Collected data:
--------

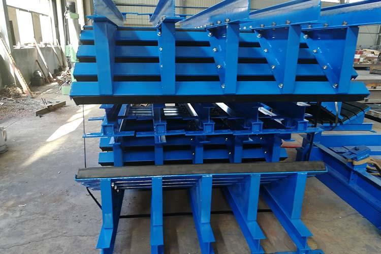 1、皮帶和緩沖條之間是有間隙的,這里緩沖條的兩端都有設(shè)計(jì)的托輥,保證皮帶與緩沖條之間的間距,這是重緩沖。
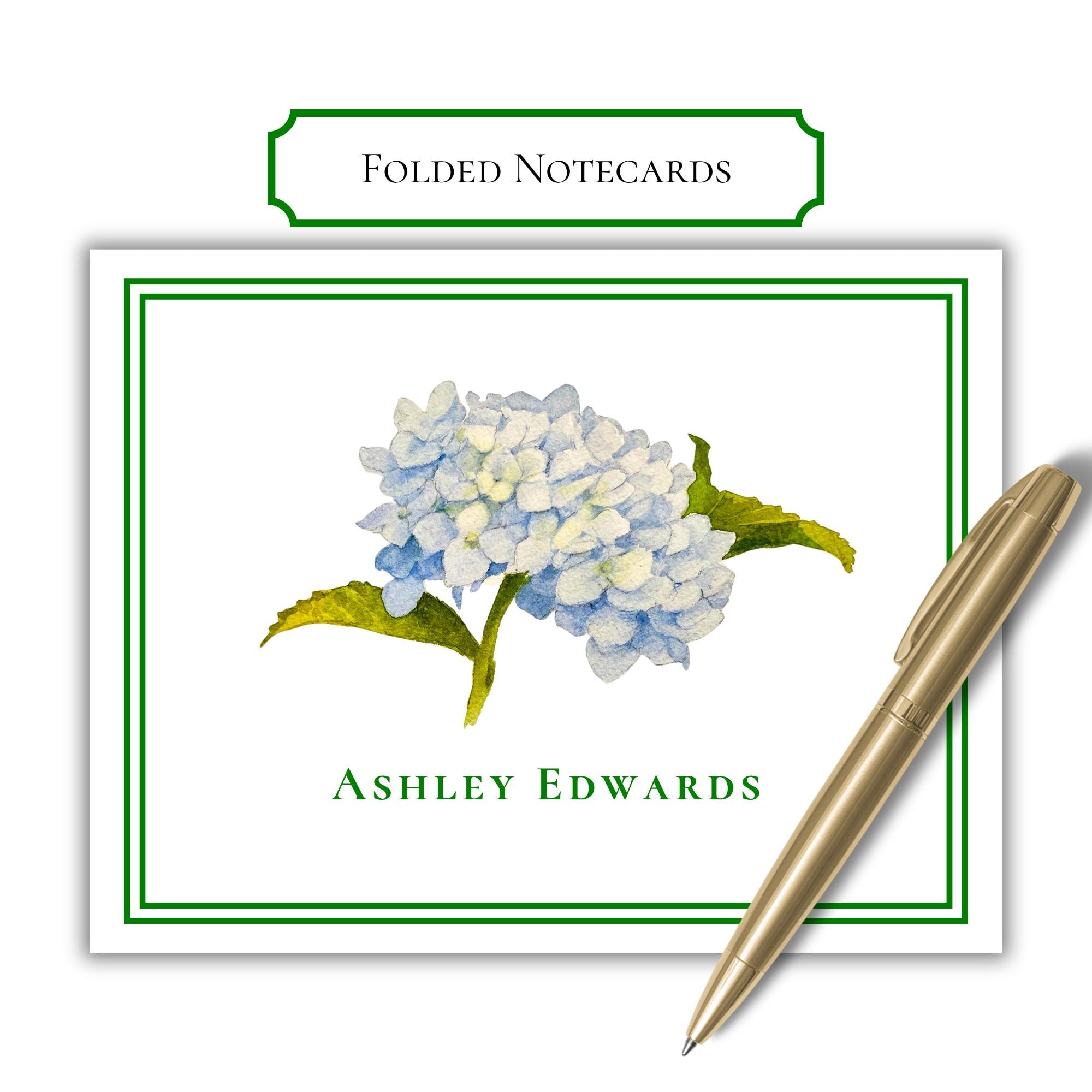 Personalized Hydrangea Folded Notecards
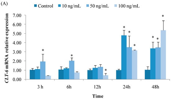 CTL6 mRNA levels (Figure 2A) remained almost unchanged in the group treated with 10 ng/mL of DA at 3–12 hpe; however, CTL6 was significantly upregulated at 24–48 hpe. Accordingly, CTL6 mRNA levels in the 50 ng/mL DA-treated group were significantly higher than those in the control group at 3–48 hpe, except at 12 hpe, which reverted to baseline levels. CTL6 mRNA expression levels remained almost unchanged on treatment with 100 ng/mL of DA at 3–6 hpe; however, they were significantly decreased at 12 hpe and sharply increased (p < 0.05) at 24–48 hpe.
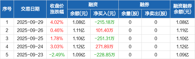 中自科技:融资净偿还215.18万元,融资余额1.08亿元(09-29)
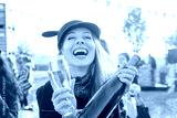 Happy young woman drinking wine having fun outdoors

--------

Before answering, please find the line containing "中自科技:融资净偿还215.18万元,融资余额1.08亿元(09-29)" above, then copy exactly from it through the last line of the entries, both included, without pictures.

 中自科技:融资净偿还215.18万元,融资余额1.08亿元(09-29)
 Happy young woman drinking wine having fun outdoors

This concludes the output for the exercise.